In various examples, the NRD classifier may be a random forest
classifier (e.g., with five-fold cross validation). The brand
squatting domain detection system 102 may also include a hosting
classifier implemented by a machine learning model trained on the
abusive and non-abusive domain names and also on hosting
information of abusive and non-abusive domains to detect domain
names likely to be abusive. In various examples, the hosting
classifier may be a random forest classifier (e.g., with five-fold
cross validation). Additionally, the brand squatting domain
detection system 102 may include a TLS classifier implemented by a
machine learning model trained on the abusive and non-abusive
domain names, the hosting information of abusive and non-abusive
domains, and certificate information of abusive and non-abusive
domains to detect domain names likely to be abusive.

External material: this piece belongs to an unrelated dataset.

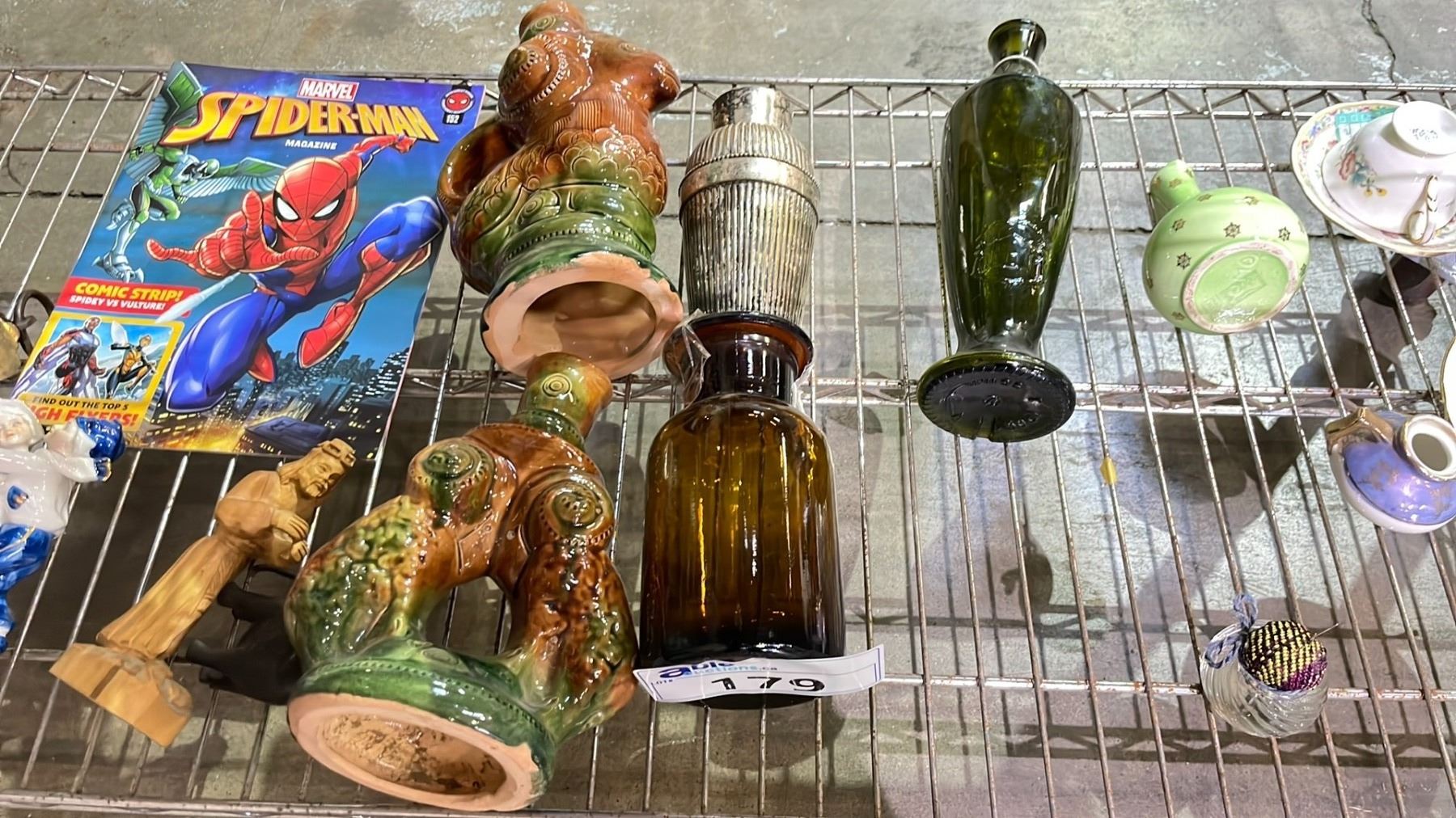 SHELF OF ASSORTED HOME DECOR ITEMS

In various
examples, the TLS classifier may be a random forest classifier
(e.g., with five-fold cross validation).
[0031] FIG. 2 illustrates a flowchart of an example method 200 for
detecting brand squatting domains. Although the example method 200
is described with reference to the flowchart illustrated in FIG. 2,
it will be appreciated that many other methods of performing the
acts associated with the method 200 may be used. For example, the
order of some of the blocks may be changed, certain blocks may be
combined with other blocks, and some of the blocks described are
optional. The method 200 may be performed by processing logic that
may comprise hardware (circuitry, dedicated logic, etc.), software,
or a combination of both. For example, the memory 106 may store
processing logic that the processor of the brand squatting domain
detection system 102 executes to perform the example method
200.
[0032] The example method 200 may include receiving or acquiring
newly registered domain information (block 202). The newly
registered domain information includes multiple domain names. When
a domain is registered with a domain registrar (e.g., the domain
registrar 110), a WHOIS record is created and made available. With
increased utilization of privacy protection services as well as due
to new privacy regulations such as GDPR, WHOIS records are mostly
voided for registrant information. Even without the registrant
information, WHOIS records, which may be seen as thin WHOIS
records, can be a useful first line of defense in identifying
malicious domains early. There are many third-party organizations
that make the thin WHOIS information of NRDs. In one example, the
NRD feed from WhoisXMLAPI may be utilized. This data may be
utilized to extract features for the NRD classifier.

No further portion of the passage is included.